A week after Smith’s initial lawsuit, Hoffman and eight other Hoffman Law Firm workers filed affidavits.

“Mr. Smith has done absolutely nothing with regard to the management of the law firm, and he has done comparatively little in the way of productivity,” according to Hoffman. “For quite some time, I have been displeased with Mr. Smith and his behavior. I struggled through it, but I was increasingly dissatisfied with the impact it was having on our company.”

Hoffman Paralegal Tracie Hopkins submitted an affidavit.

“When [Smith] was in the office, he spent an inordinate amount of time focusing upon his charter yacht business to the detriment of his case load,” Hopkins told me. “I overheard him talking on the telephone on many occasions about scheduling the charter boat.”

Hoffman goes on to claim that Smith discussed the use of illegal narcotics in the workplace.

“He has openly discussed his contemporaneous use of cocaine and other illegal drugs with members of the staff and me,” according to Hoffman.

“He travels frequently across the country and internationally, performing at music festivals,” Hoffman office manager Stephanie Mills said in an affidavit. “He has on occasion discussed with me and others his partying life, including the use of illicit drugs, such as marijuana and cocaine.”

Hoffman states that prior to August, he addressed with numerous legal counsel the need for the Hoffman Law Firm to remove Smith from the firm.

When asked to comment on the contents of affidavits made by Hoffman and others at his firm, Smith denied using narcotics.

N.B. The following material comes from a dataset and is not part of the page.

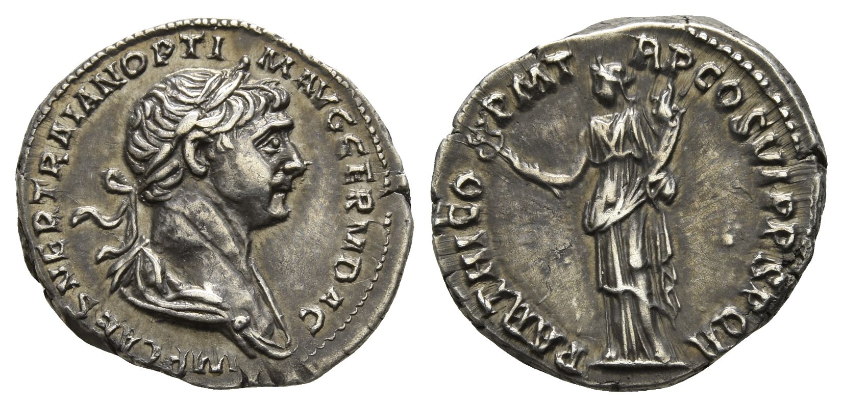 Rome mint; struck AD 116-117. IMP CAES NER TRAIAN OPTIM AVG GERM DAC, laureate and draped bust to right / PARTHICO P M TR P COS VI P P S P Q R, Felicitas standing to left, holding caduceus and cornucopiae. RIC II 332; Woytek 570v; BMCRE 627; RSC 191. 3.41gr, 19mm, 6h.
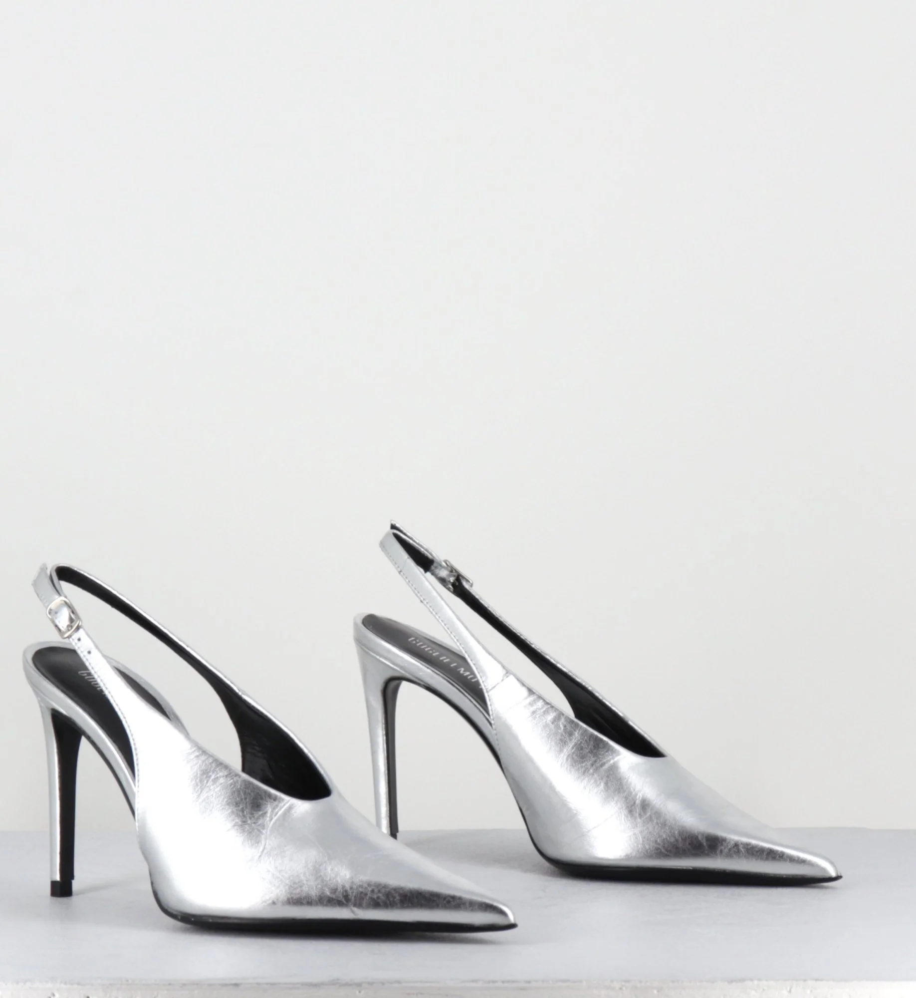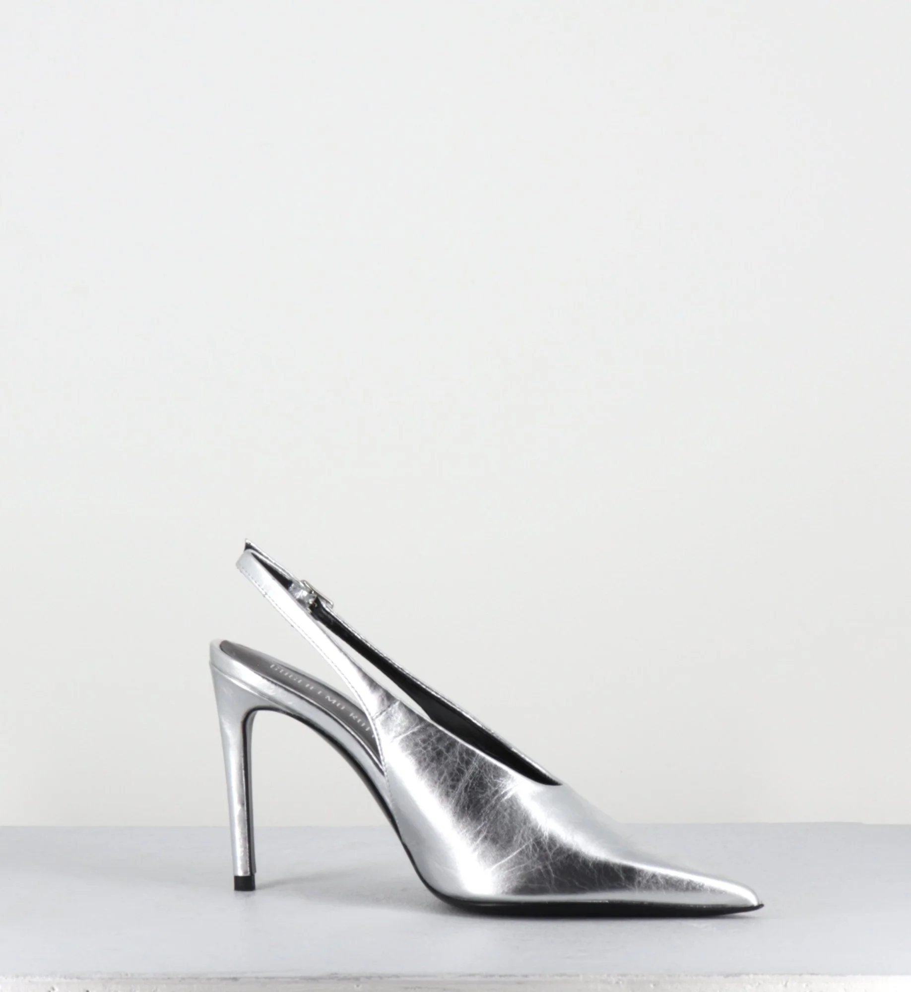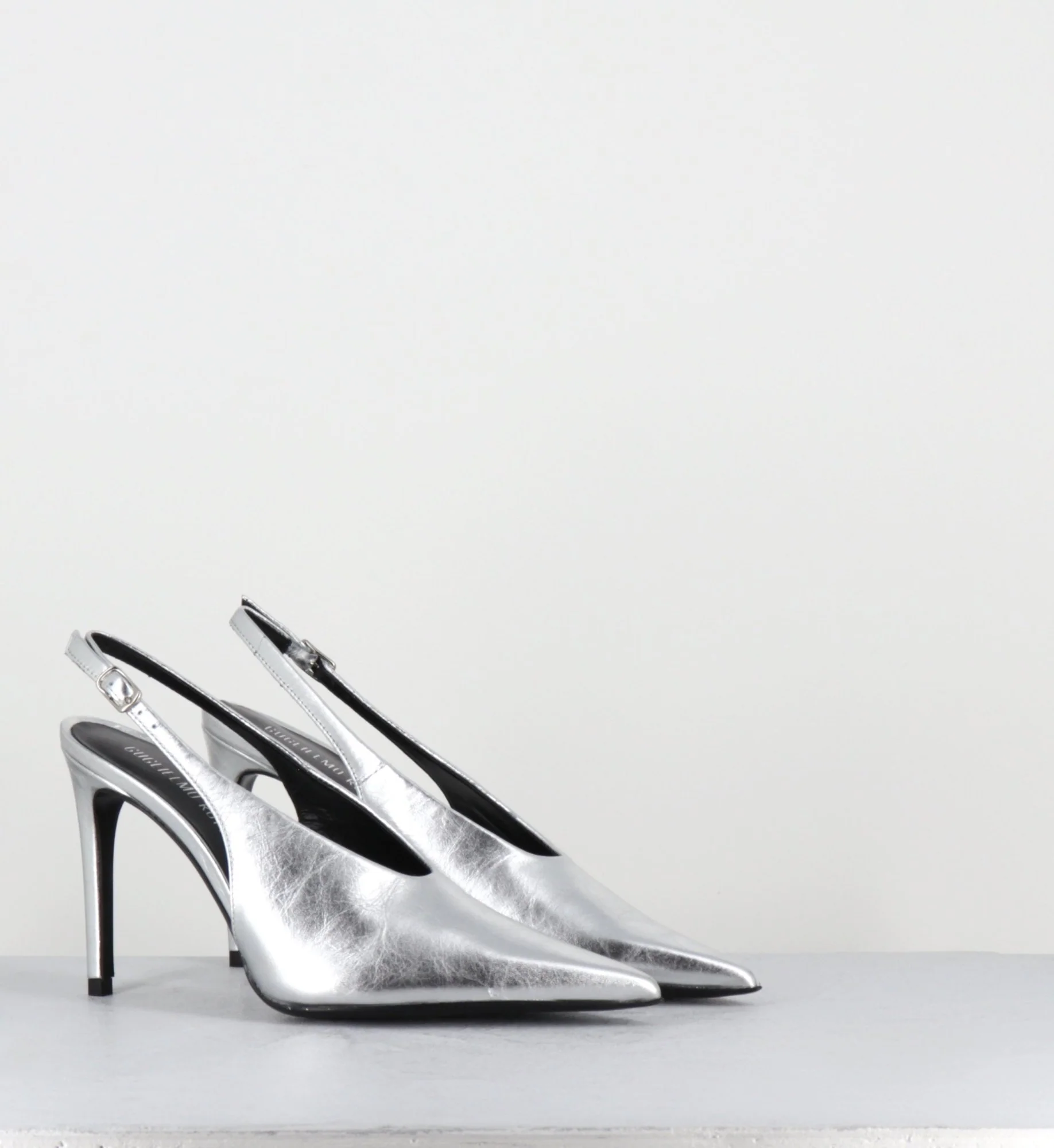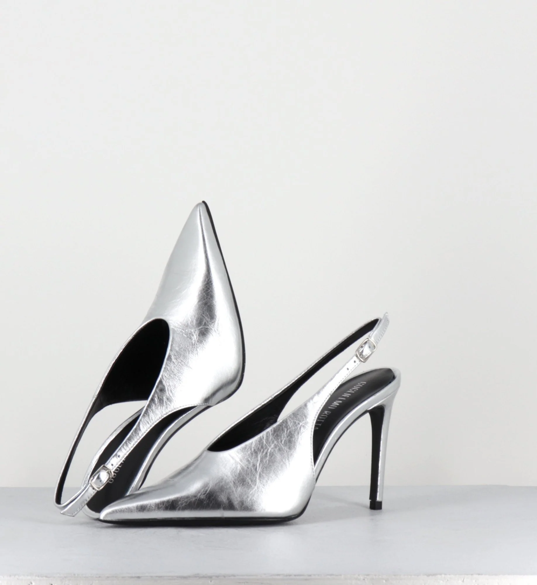 Escarpins slingback bride arrière réglable à talon haut en cuir métallié argent, ligne effilée à bout pointu, montées sur un talon fin

“I do not use drugs and I believe these accusations are nothing more than retaliation against me for exposing Hoffman’s financial misconduct,” he informed me.

Smith’s action seeks an order demanding an immediate equitable accounting of the Hoffman Law Firm, requiring Hoffman to repay all assets “wrongfully distributed,” and dissociating him from the firm he formed in 2007.

The following statement was given on behalf of David Hoffman:

“We’re aware that a lawsuit was just filed. The claims are without validity, and we will firmly defend against them.

Since starting Hoffman Law Firm in 2007, David Hoffman has guided the firm’s evolution from a one-room office to a renowned practice servicing clients throughout the Lowcountry. For than two decades, his leadership has been marked by ethics, responsibility, and a steadfast dedication to client service and community.

That devotion remains at the heart of Hoffman Law Firm today. We will not provide any additional information at this time because this is an ongoing legal case.